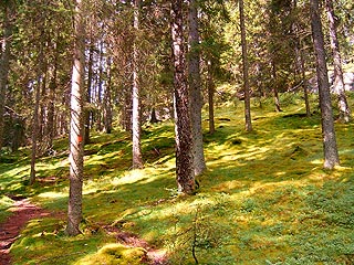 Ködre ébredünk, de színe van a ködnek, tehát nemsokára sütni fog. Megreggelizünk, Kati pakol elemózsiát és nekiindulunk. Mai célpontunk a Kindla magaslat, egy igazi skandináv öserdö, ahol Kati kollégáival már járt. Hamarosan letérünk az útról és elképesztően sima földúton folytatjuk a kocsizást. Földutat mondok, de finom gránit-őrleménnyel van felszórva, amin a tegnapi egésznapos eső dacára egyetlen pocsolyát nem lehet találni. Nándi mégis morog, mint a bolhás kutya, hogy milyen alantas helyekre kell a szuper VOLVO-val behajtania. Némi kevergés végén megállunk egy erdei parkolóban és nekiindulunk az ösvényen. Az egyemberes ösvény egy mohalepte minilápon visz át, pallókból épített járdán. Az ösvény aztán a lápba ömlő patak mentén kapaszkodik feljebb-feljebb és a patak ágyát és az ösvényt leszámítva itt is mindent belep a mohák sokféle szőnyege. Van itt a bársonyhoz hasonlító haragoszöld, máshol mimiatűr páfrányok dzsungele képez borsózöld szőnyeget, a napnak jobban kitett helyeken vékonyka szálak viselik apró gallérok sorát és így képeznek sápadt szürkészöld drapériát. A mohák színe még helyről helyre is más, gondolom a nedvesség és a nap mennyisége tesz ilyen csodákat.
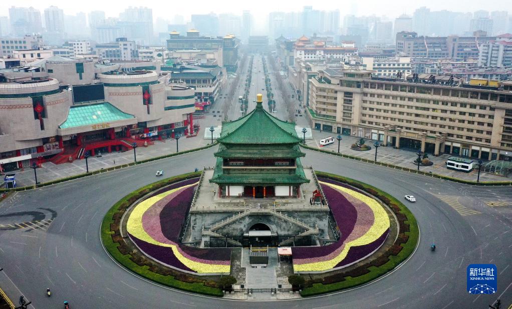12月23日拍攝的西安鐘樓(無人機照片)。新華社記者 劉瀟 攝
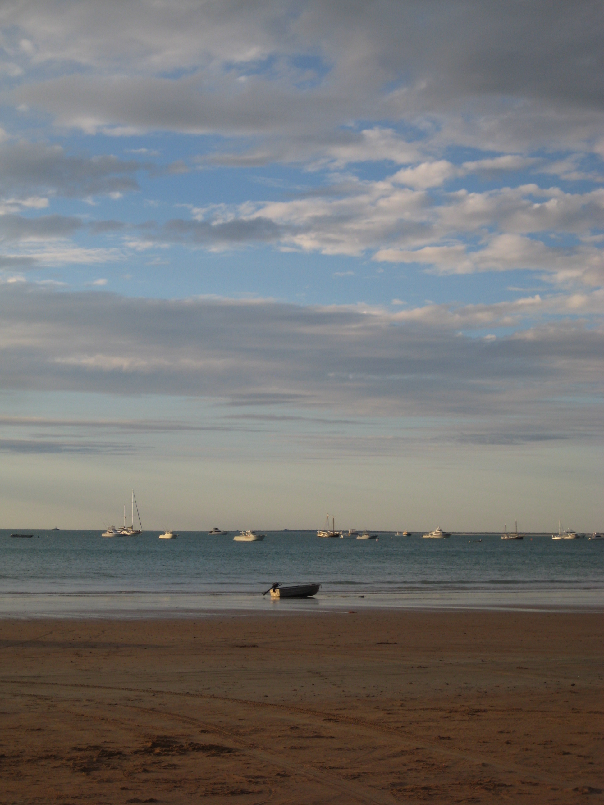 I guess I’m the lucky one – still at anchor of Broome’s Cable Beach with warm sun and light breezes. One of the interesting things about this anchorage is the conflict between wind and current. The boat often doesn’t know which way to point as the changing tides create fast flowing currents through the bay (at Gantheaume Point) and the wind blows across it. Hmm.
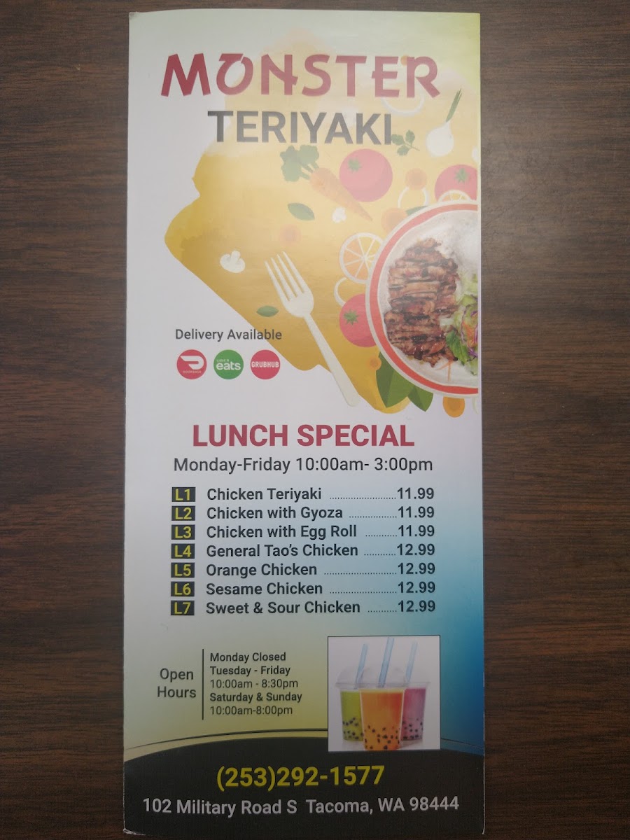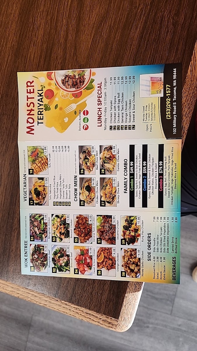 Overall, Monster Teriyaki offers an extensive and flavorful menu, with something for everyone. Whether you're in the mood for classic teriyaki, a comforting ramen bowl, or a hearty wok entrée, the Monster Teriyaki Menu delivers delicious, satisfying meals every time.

◆ Problem details ◆
Write out the whole listing exactly, with no pictures.

◆ Problem solution ◆
 Ködre ébredünk, de színe van a ködnek, tehát nemsokára sütni fog. Megreggelizünk, Kati pakol elemózsiát és nekiindulunk. Mai célpontunk a Kindla magaslat, egy igazi skandináv öserdö, ahol Kati kollégáival már járt. Hamarosan letérünk az útról és elképesztően sima földúton folytatjuk a kocsizást. Földutat mondok, de finom gránit-őrleménnyel van felszórva, amin a tegnapi egésznapos eső dacára egyetlen pocsolyát nem lehet találni. Nándi mégis morog, mint a bolhás kutya, hogy milyen alantas helyekre kell a szuper VOLVO-val behajtania. Némi kevergés végén megállunk egy erdei parkolóban és nekiindulunk az ösvényen. Az egyemberes ösvény egy mohalepte minilápon visz át, pallókból épített járdán. Az ösvény aztán a lápba ömlő patak mentén kapaszkodik feljebb-feljebb és a patak ágyát és az ösvényt leszámítva itt is mindent belep a mohák sokféle szőnyege. Van itt a bársonyhoz hasonlító haragoszöld, máshol mimiatűr páfrányok dzsungele képez borsózöld szőnyeget, a napnak jobban kitett helyeken vékonyka szálak viselik apró gallérok sorát és így képeznek sápadt szürkészöld drapériát. A mohák színe még helyről helyre is más, gondolom a nedvesség és a nap mennyisége tesz ilyen csodákat.
12月23日拍攝的西安鐘樓(無人機照片)。新華社記者 劉瀟 攝
 I guess I’m the lucky one – still at anchor of Broome’s Cable Beach with warm sun and light breezes. One of the interesting things about this anchorage is the conflict between wind and current. The boat often doesn’t know which way to point as the changing tides create fast flowing currents through the bay (at Gantheaume Point) and the wind blows across it. Hmm.
 Overall, Monster Teriyaki offers an extensive and flavorful menu, with something for everyone. Whether you're in the mood for classic teriyaki, a comforting ramen bowl, or a hearty wok entrée, the Monster Teriyaki Menu delivers delicious, satisfying meals every time.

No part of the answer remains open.